The Advisory Boar

By Abhijit Menon-Sen <>

More control over SSH pipelining in Ansible 2

; updated

SSH pipelining is an Ansible feature to reduce the number of connections to a host.

Ansible will normally create a temporary directory under ~/.ansible (via ssh), then for each task, copy the module source to the directory (using sftp or scp) and execute the module (ssh again).

With pipelining enabled, Ansible will connect only once per task using ssh to execute python, and write the module source to its stdin.

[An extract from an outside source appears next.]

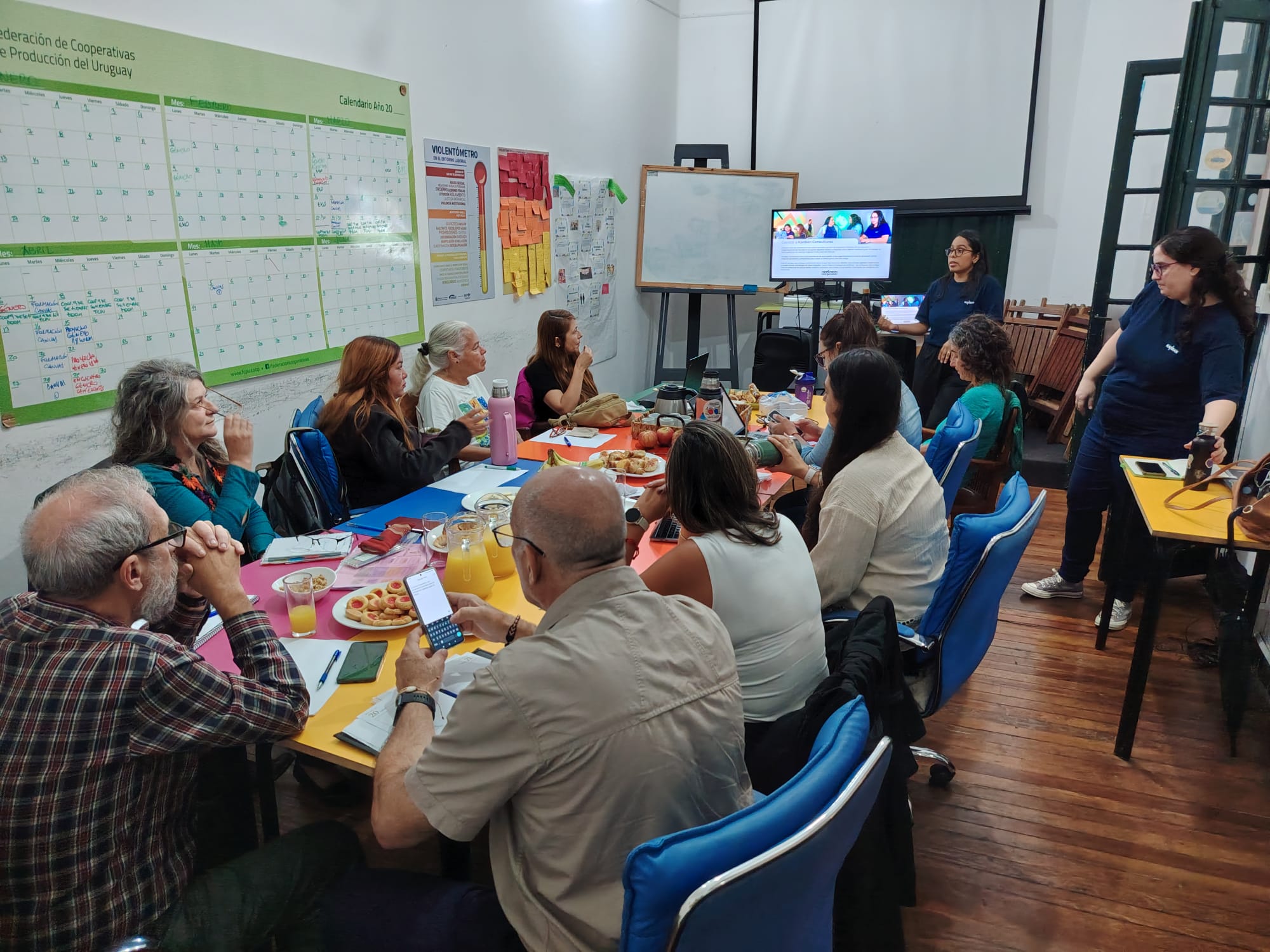 El cuarto taller giró hacia la dimensión pedagógica. No se trató solo de aprender una herramienta, sino de pensar cómo enseñarla. Se trabajó en la construcción de metodologías de formación, en el diseño de materiales y en la generación de preguntas que guíen a las cooperativas en cada etapa del proceso. La lógica fue clara: una herramienta potente necesita también una estrategia clara de transmisión para escalar su impacto.
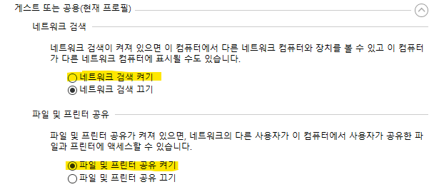 단, 개인과 게스트의 경우에는 복합기 연결과 직접적인 연관이 없을 수는 있으나, 후에 네트워크 공유폴더나 내 PC에 연결된 프린터를 다른 사람들과 공유하기 위해서 켜두는 것을 추천한다.(그렇지 않다면 굳이 켜둘 필요 없다)

Even with persistent ssh connections enabled, it's a noticeable improvement to make only one ssh connection per task.

Unfortunately, pipelining is disabled by default because it is incompatible with sudo's requiretty setting (or su, which always requires a tty). This is because of a quirk of the Python interpreter, which enters interactive mode automatically when you pipe in data from a (pseudo) tty.

Update 2015-11-18: I've submitted a pull request to make pipelining work with requiretty. The rest of this post still remains true, but if the PR is merged, the underlying problem will just go away.

Pipelining can be enabled globally by setting “pipelining=True” in the ssh section of ansible.cfg, or setting “ANSIBLE_SSH_PIPELINING=1” in the environment.

With Ansible 2 (not yet released), you can also set ansible_ssh_pipelining in the inventory or in a playbook. You can leave it enabled in ansible.cfg, but turn it off for some hosts (where requiretty must remain enabled), or even write a play with pipelining disabled in order to remove requiretty from /etc/sudoers.

- lineinfile:
    dest: /etc/sudoers
    line: 'Defaults requiretty'
    state: absent
  sudo_user: root
  vars:
      ansible_ssh_pipelining: no

The above lineinfile recipe is simplistic, but it shows that it's now possible to disable requiretty, even if it's by replacing /etc/sudoers altogether.

Note the use of another Ansible 2 feature above: vars can also be set for individual tasks (and blocks), not only plays.

SSH configuration in Ansible 2

The ability to use “jump hosts” with Ansible is another often-requested feature. This has been discussed repeatedly on the mailing list and on Stackoverflow, has had a number of howto articles written about it, and multiple independent implementations have been submitted as pull requests to Ansible.

The recommended solution was to set a ProxyCommand in ~/.ssh/config. This meant duplicating inventory data and keeping two sources of connection information in sync. It worked, but grew rapidly less manageable with a larger inventory. Similarly, the ssh_config inventory plugin was a makeshift solution at best.

This post describes the general mechanism provided in Ansible 2 (not yet released) to make SSH configuration changes—including jump hosts—without depending on any data external to Ansible.

SSH configuration

The ssh_args setting in the ssh_connection section of ansible.cfg is a global setting whose contents are prepended to every command-line for ssh/scp/sftp. This behaviour has been retained unmodified for backwards compatibility, but I don't recommend its use, because it overrides the default persistence settings.

In addition to the above, the new ansible_ssh_common_args inventory variable is appended to every command-line for ssh/scp/sftp. This can be set in the inventory (for a group or a host) or in a playbook (for a play, or block, or task). This is the place to configure any ProxyCommand you want to use.

[gatewayed_hosts:vars]
ansible_ssh_common_args='-o ProxyCommand="ssh -W %h:%p someuser@jumphost.example.com"'

In addition to that, the new ansible_ssh_extra_args variable is appended only to command-lines for ssh. There are analogous ansible_scp_extra_args and ansible_sftp_extra_args variables to change scp and sftp command-lines. This allows you to do truly odd things like open a reverse-tunnel to the control node with -R (which is an option only ssh accepts, not scp or sftp).

The --ssh-common-args command-line option is useful when debugging (there's also --ssh-extra-args, --scp-extra-args, and --sftp-extra-args). Note that any values you set on the command-line will be overriden by the inventory or playbook settings described above (which seems backwards, but that's how Ansible handles other command-line options too).

Also note that ansible_user, ansible_host, and ansible_port are now preferred to the old ansible_ssh_* versions.

Internal changes

Once again, the modest user-visible changes are accompanied by major changes internally. The SSH connection plugin was rewritten to be more maintainable, and an entire class of “my connection just hangs” and other bugs (especially around privilege escalation) were fixed in the process.